*What this task involves*.
From the listing below, return each line that includes "Forestation".

*Provided data*.

■ ■ ■ ■

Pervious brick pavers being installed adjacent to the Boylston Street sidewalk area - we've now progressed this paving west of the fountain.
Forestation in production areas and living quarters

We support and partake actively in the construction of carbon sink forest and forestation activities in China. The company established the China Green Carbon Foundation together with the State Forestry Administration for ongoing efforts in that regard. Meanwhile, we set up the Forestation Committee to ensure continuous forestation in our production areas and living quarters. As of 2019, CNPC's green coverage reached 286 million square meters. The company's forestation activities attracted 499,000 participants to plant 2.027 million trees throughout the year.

■ ■ ■ ■

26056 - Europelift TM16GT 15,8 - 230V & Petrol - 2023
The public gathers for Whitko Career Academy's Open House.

■ ■ ■ ■

*Final answer*.
Forestation in production areas and living quarters
We support and partake actively in the construction of carbon sink forest and forestation activities in China. The company established the China Green Carbon Foundation together with the State Forestry Administration for ongoing efforts in that regard. Meanwhile, we set up the Forestation Committee to ensure continuous forestation in our production areas and living quarters. As of 2019, CNPC's green coverage reached 286 million square meters. The company's forestation activities attracted 499,000 participants to plant 2.027 million trees throughout the year.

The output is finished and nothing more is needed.